無料版・有料版の両方が用意されており、無料版でもチャットやToDoリスト、タイムカードといった23種類に及ぶ基本機能、有料版ではそれらに加えて、情報の共有範囲を自動的にコントロールする独自の管理機能が使えます。

メリット

何より大きな魅力は、コストパフォーマンスの高さです。R-GROUPをさらに上回る23種類の基本機能が用意されており、制限なく利用することが可能です。一般的なオフィス業務であれば不便さを感じるケースはないでしょう。また、人数の利用制限がなく、社員の数が増えても無料で使い続けることができます。

加えて、強固なセキュリティ対策も特徴の1つです。IPアドレスによるアクセス制限機能によって不正侵入・情報流出を防げるうえ、チャットやメールのログはすべてダウンロードすることが可能。万が一インシデントが発生した際もスピーディーに原因を究明することができ、再発防止にもつながります。運営元のナレッジスイートもプライバシーマークとISO27001の認証を取得済みです。

デメリット

スマートフォンでの利用に対応していないため、営業スタッフや店舗の接客スタッフとの情報共有には向いていません。そうした用途がメインなら、iQubeなどの方に分があると思います。

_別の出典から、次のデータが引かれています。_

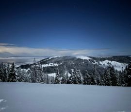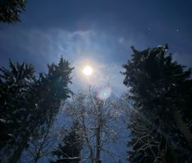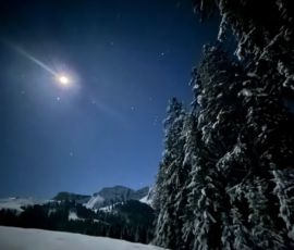 La nature n’a pas sa pareille pour nous surprendre, c’est fabuleux ! Car si la neige était attendue, le clair de lune et le ciel étoilé l’étaient bien moins.
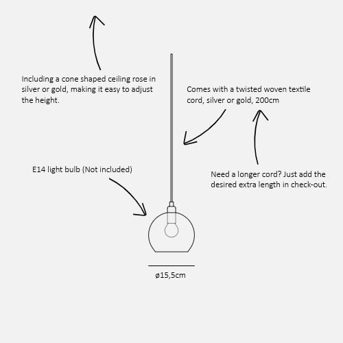 Finished with brass details in your choice of gold or silver, Rowan uses an E14 lightbulb (not included) and comes with a 200 cm cord.

加えて、他の無料グループウェアと同様、オンラインストレージの容量が小さいのもデメリットの1つです。会社全体で1GBに限られるので、商品画像や営業資料、マニュアルなどを大量に保存したい場合は、外部のストレージを導入する必要があります。

GRIDY(グリッディ)の情報を更に詳しく知りたい方はこちら

3-4.「サークルスクエア」

サークルスクエア トップページ

https://www.c-sqr.net/

サークルスクエアは、株式会社シティーズが提供している無料グループウェアです。サービス開始から17年のにわたり、トータル54万人以上のユーザーに利用されています。

クラウド型のためサーバーなどを用意する必要なく、ユーザー数や機能の制限もありません。

メリット

スケジューラー、共有フォルダ、掲示板、アンケートといった16種類の機能すべてをスマートフォンで利用できます。デザイン・レイアウトも非常にわかりやすく、営業スタッフとの情報共有を効率化したい企業や、初めてグループウェアを導入する企業にはおすすめです。

収支や残高の計算ができる会計機能も付いており、経理用のツールとして活用しているユーザーも多いようです。

デメリット

もともとビジネス向けというよりは、サークルやイベント運営といった一般向けのグループウェアとして開発されたこともあって、機能・スペックに制限があります。たとえば、チャットの投稿は1回につき140文字までに限られ、営業資料などを保管・共有するためのオンラインストレージも用意されていません。

そういった点ではあくまで入門者向けのグループウェア。まずは、サークルスクエアでグループウェアの使い勝手を確かめ、慣れてきたら他社製品への乗り換えるのも1つの方法だと思います。

4.まとめ

4.まとめ

今回は、無料かつ期間無制限で利用できる4つのグループウェアを紹介しました。活用方法は企業によってさまざまだとは思いますが、「まずは手軽に試してみたい」という場合は「e-Broad Office」や「サークルスクエア」、ストレージを使う機会が多い企業なら「R-GROUP」、機能の数とセキュリティ対策を重視するなら「GRIDY」が有力候補になるのではないでしょうか。

グループウェアを導入する際は、今回紹介した内容をぜひお役立てください。